Split long assignments onto several lines

Assignments may be split onto several lines when the character/line limit would be exceeded. The equal sign has to be positioned onto the following line, and indented by 4 characters.

$GLOBALS['TSFE']->additionalHeaderData[$this->strApplicationName]

= $this->xajax->getJavascript(t3lib_extMgm::siteRelPath('nr_xajax'));

11.3 Array assignments

Non Associative

$days = array(1, 2, 3, 4, 5, 6, 7);
or if not fit in line
$months = array(
'Jan', 'Feb', 'Mar', 'Apr', 'May', 'June',
'July', 'Aug', 'Sept', 'Oct', 'Nov', 'Dec',
);

Associative Array

$some_array = array(
'foo' => 'bar',
'spam' => 'ham',
);


  1. 12. Comments

12.1 Documentable comments
Inline documentation comment blocks (docblocks) must be provided. All blocks must be compatible with phpDocumentor format.
Follwoing docblocks are mendatory with the specified formats. However extra doctags (which are allowed as per phpDocumentor) can be used.
12.1.1 File docblock
every php file must have this block at the start of the file.
/**
* Short description for file
*
* Long description for file (if any)...
*/


12.1.2 Class docblock
Every class must have this block above the class definition
/**
* Short description for class
*
* Long description for class (if any)...
*/
12.1.3 Function docblock
Every function must have this block above the function defination
/**
* description for function
*
* @access
* @param
* @return
*/


12.2 Non Documentable comments
Non-documentation comments are strongly encouraged and Only following style of syntex are allowed.
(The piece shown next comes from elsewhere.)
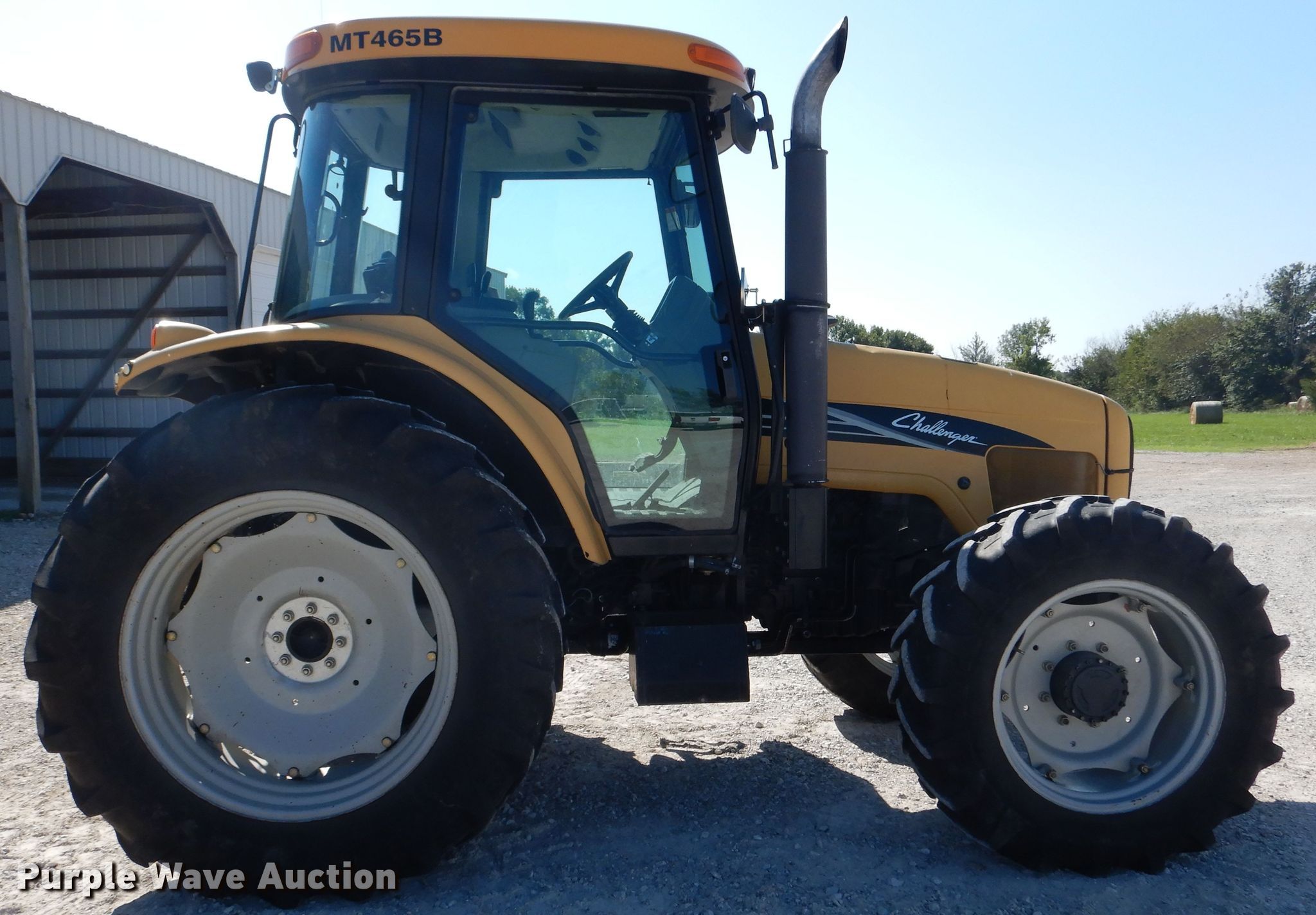 Purple Wave is selling a used Tractor in Missouri. This item is a 2004 Challenger MT465B MFWD tractor with the following: 5,028 hours on meter, Caterpillar 4.4L four cylinder diesel engine, 115 HP, Partial powershift transmission, 16F-16R gears, AC and heat, Three point, Top link, Seven pin outlet, 540/1000 PTO, (12) suitcase weights, 100" wheelbase, 13.6R28 front tires, 420/85R38 rear tires, Serial N285069
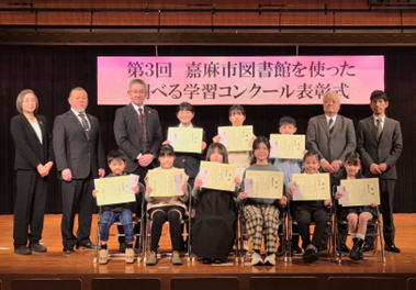 | 『第3回嘉麻市図書館を使った 2月7日に「第3回嘉麻市図書館を使った調べる学習コンクール」の表彰状授与式を開催しました。参加者を前に子どもたちは緊張の面持ちでしたが、堂々と賞状を受け取り、しっかりと作品についてインタビューに答えてくれました。受賞したみなさま、本当におめでとうございます! 応募総数1250作品中、受賞作品を含む19作品は、第29回図書館を使った調べる学習コンクール(主催:公益財団法人図書館振興財団)に推薦させていただきました。結果、赤石

Non documentation comments are for small blocks of code describing what that block of code is doing.
/* */ and //
Note: avoid obvious comments

// get the country code
$country_code = get_country_code($_SERVER['REMOTE_ADDR']);
// if country code is US
if ($country_code == 'US') {
// display the form input for state
echo form_input_state();
}

can be rewritten as

// display state selection for US users
$country_code = get_country_code($_SERVER['REMOTE_ADDR']);
if ($country_code == 'US') {
echo form_input_state();
}
  1. 13. E_STRICT-compatible code

This means that php script must not produce any warnings or errors when PHP's error reporting level is set to E_ALL | E_STRICT.

14. Deprecated Code
Deprecated Features of PHP should not be used. Depends on which version of PHP is applicable for the project.